** Opening Collected material block **

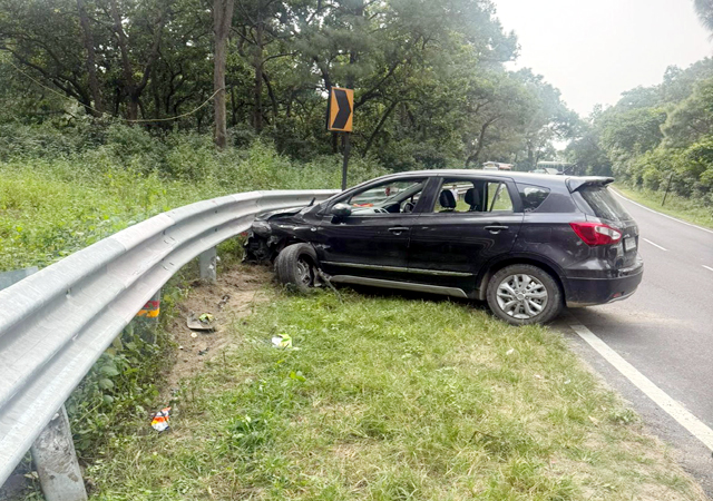 जब उनकी कार लाहड़ के पास पहुंची तो अचानक सड़क पर पशु आ गए, जिन्हें बचाने के प्रयास में चालक कार से नियंत्रण खो बैठा। इससे कार सड़क किनारे लगी रेलिंग से टकराकर दुर्घटनाग्रस्त हो गई। सूचना मिलते ही ट्रैफिक पुलिस मौके पर पहुंची और प्रारंभिक जांच शुरू कर दी है। थाना प्रभारी अम्ब अनिल उपाध्याय ने बताया कि मामले की जांच की जा रही है।
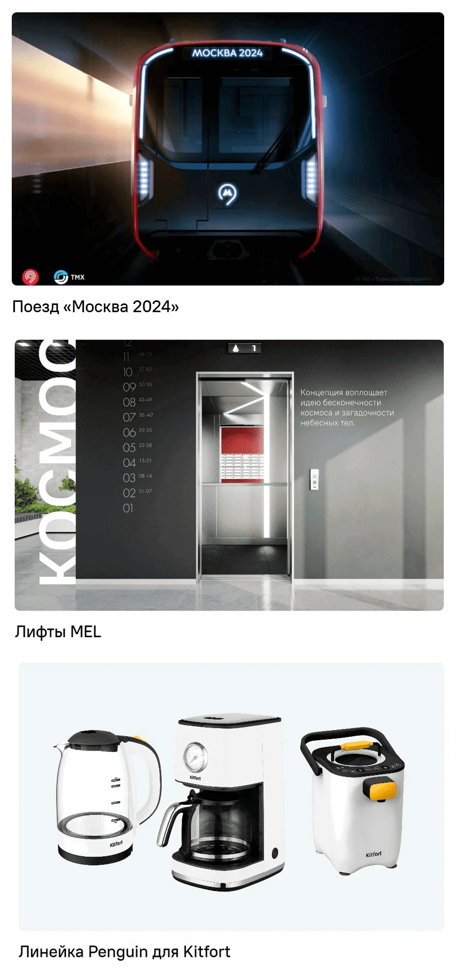 Сотрудничаем с бизнесом различного уровня и государственными институтами. К примеру, создавали дизайн линейки Penguin бытовой техники Kitfort в желтом цвете и поезда метро «Москва 2024».
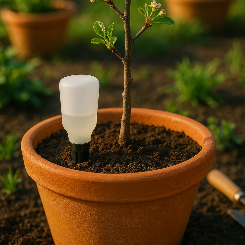 – Une bouteille de 600ml avec indicateur de dosage : la bouteille est suffisamment rigide pour se déformer peu et pousser au maximum l’urine vers la plante.
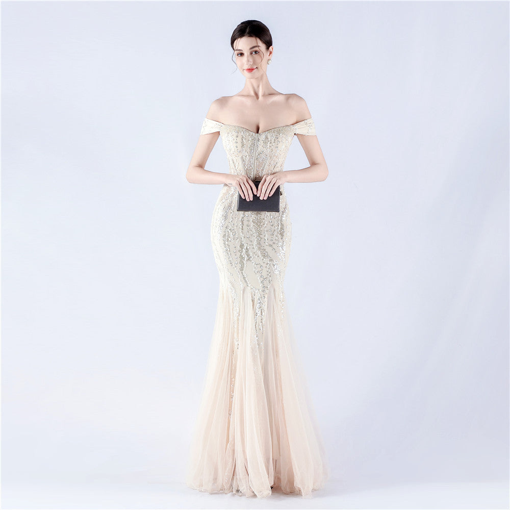 Embellished Sequin & Tulle Evening Gown for Galas & Performances

** Closing Collected material block **

## What you should do
Output a verbatim copy of the lines from the line containing "Сотрудничаем с бизнесом" through the end of the data, both included, without any images.

## Result for this task
 Сотрудничаем с бизнесом различного уровня и государственными институтами. К примеру, создавали дизайн линейки Penguin бытовой техники Kitfort в желтом цвете и поезда метро «Москва 2024».
 – Une bouteille de 600ml avec indicateur de dosage : la bouteille est suffisamment rigide pour se déformer peu et pousser au maximum l’urine vers la plante.
 Embellished Sequin & Tulle Evening Gown for Galas & Performances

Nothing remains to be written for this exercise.